The scene outside Fanny Jackson Coppin School on the first morning after winter break felt familiar. Children, bundled up in warm jackets, hugged their parents goodbye before skipping past the school gate.
Berenice Guadarrama stood near the entrance with her seven-year-old son, Eder — a bright red surgical mask covering his face, a dinosaur-themed backpack hooked over his shoulders.
“I just found out last night my [older] daughter has online class and my little one has to be at the school,” she said. “So I was a little confused, but I’m here.”
About a third of Philadelphia’s public schools started the new year virtually, a last-minute shift that caught parents like Guadarrama by surprise.
She received an email Monday night informing her that her daughter’s school, Science Leadership Academy at Beeber, was among 77 campuses shifting to remote learning at least through the end of the week. Four more schools were added to the list in the middle of the night, with an additional eleven on Tuesday. The district said it moved the 92 schools online because of staff shortages due to the spike in COVID-19 cases.
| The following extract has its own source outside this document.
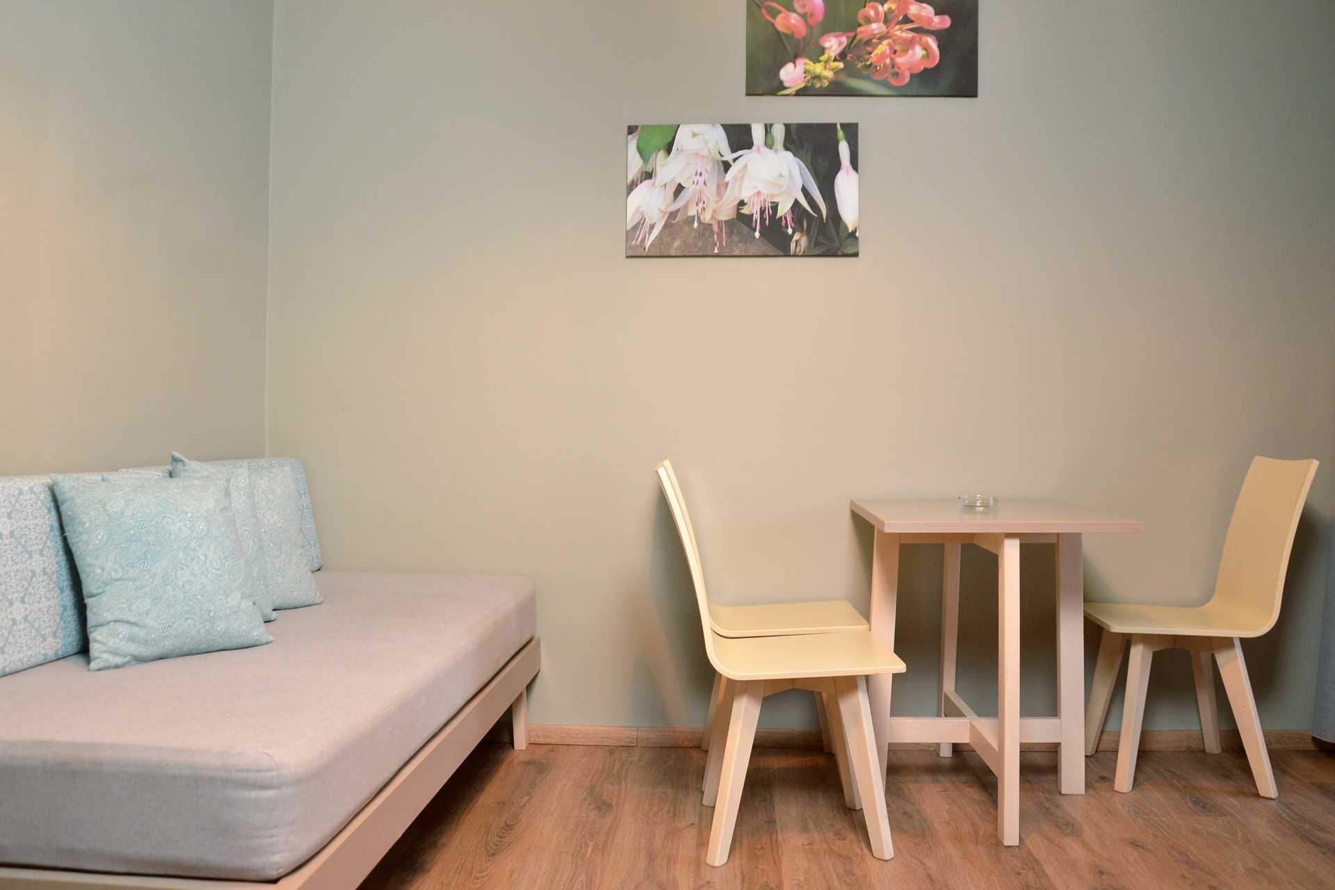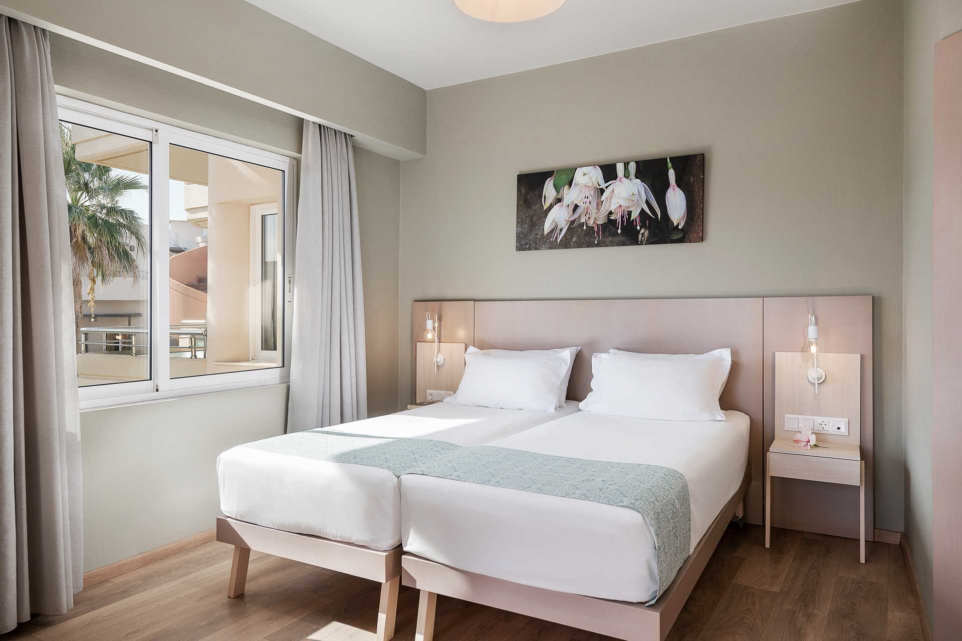 Tweekamerappartement met balkon, grondterras of grondbalkon. De appartementen bevinden zich in het hoofdgebouw. Slaapkamer en gecombineerde woonkamer met kitchenette. Twee eenpersoonsbedden. Mogelijkheid voor extra bedden op een slaapbank of twee slaapbanken. Minikeuken met kookplaten, koelkast met vriesvak, magnetron, koffiezetapparaat, waterkoker, broodrooster en eenvoudige keukenapparatuur. Tv met lokale zenders. Wifi, airconditioning en kluisje inbegrepen. Badkamer met bad of douche en toilet. Schoonmaak 6 keer/week.

But Jackson, an elementary school in South Philly, opened in person. So Guadarrama and her son headed to the building.
“It’s good coming in person,” she said. It’s better for Eder to see his teacher up close, easier for them to communicate when they’re in the same room. The family’s internet connection sometimes cuts out, which makes remote school challenging.
Guadarrama said her daughter, who’s 14, can handle virtual learning on her own. She’s more concerned about what will happen if her son’s school goes remote, which she expects might happen, “because COVID increases every day.”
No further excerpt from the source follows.